Fired pot user vows: I will change the law

Colorado governor: Pot hasn't been an economic miracle
Colorado governor: Pot hasn't been an economic miracle

The former Dish Network employee who was fired for using medical marijuana says he has plenty of free time on his hands - and will use it to crusade for changes in the law.

The Colorado Supreme Court ruled Monday that the satellite service provider had the right to terminate Brandon Coats for testing positive for marijuana, even though medical pot is legal in the state.

The 35-year-old Coats, who was left 85% paralyzed by a car accident 20 years ago, now says he will turn to lobbying the state legislature to pass a law that will explicitly protect employees who fail drug tests because of medical marijuana use.

"I won't be able to work if things don't change, so I'm going to spend time advocating," Coats told CNNMoney. "If we're going to make laws that make medical marijuana legal, we have to address issues that go with it."

brandon coats

Coats said stopping his marijuana use wouldn't make him employable. Without pot, his muscle spasms become severe enough to prevent him from getting any work done. So for now, he's living on disability income, the settlement money from his accident, and support from his family.
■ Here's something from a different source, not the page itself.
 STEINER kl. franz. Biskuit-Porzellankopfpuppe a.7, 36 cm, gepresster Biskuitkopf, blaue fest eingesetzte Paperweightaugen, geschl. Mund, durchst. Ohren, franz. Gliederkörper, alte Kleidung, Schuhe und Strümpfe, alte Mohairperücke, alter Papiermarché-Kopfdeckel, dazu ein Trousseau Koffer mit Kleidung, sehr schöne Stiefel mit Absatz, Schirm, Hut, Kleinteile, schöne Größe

"I had the perfect job," Coats said. "I had a computer and a phone, and I could work both of those things."

And he said when he does find a job he is capable of doing, employers often ask in the interview process why he was fired from Dish (DISH) -- and because the legal issues surrounding medicinal pot use are still up in the air, potential employers are wary of getting caught up in the fray.
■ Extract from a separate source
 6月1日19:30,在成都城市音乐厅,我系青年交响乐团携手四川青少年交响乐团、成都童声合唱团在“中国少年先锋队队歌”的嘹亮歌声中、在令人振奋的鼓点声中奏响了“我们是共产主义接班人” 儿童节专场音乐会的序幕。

In Coats' case, the Dish Network successfully argued in court that because medical marijuana is still illegal under federal law, the company had the right to enforce its zero-tolerance policy for positive drug tests.
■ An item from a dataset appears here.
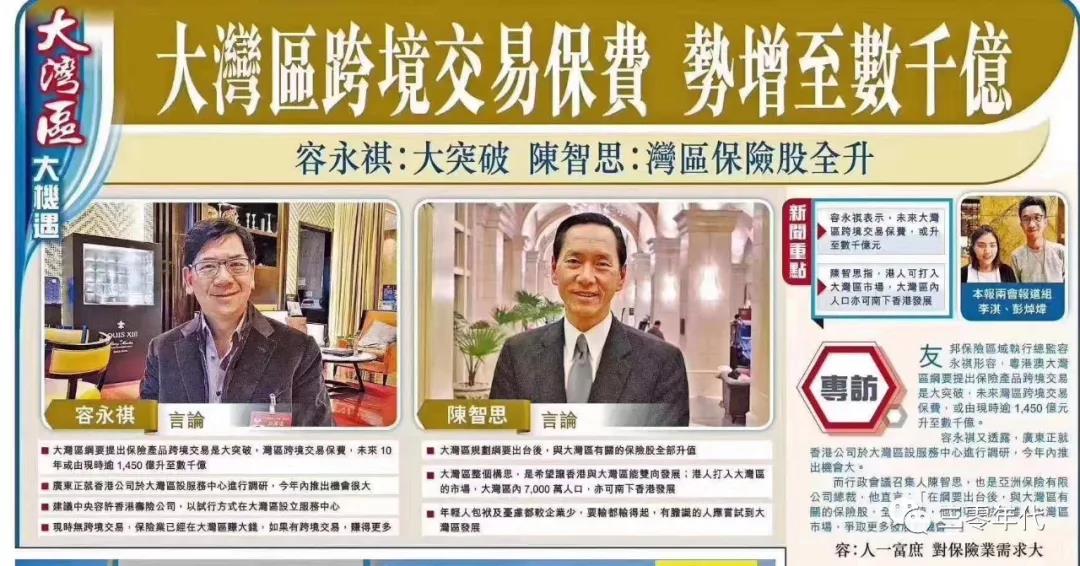 關於跨境如何支付保費,既便捷投保人又符合內地外匯管制政策,友邦AIA執行區域總監,政協經委會副主任容永祺負責推動。

Coats said he walked into his office one day and was surprised to find they were conducting randomized drug testing.

"I told the girl [administering the test], 'I'm not going to pass this test,'" he said. "The lab called me, so I went to the HR manager to let them know. They let me work for two more weeks, then I came in one day and my card to open the handicap accessible door wasn't working."

A Colorado law that protects workers from being fired for engaging in legal activities only applies when both federal and state law permit the activity, the court ruled.

Though 23 states have legalized medicinal weed, only two -- Arizona and Delaware -- have laws like the one Coats says Colorado needs: To protect workers from getting fired for a positive drug test resulting from medical need.

Related: Smoke pot legally? You can still get fired

Coats said he does not plan to try to take his case to the U.S. Supreme Court because he doesn't think the high court would take it up. In the meantime, he said he's begun looking for advocacy groups that he can partner with to bring the issue to the state legislature.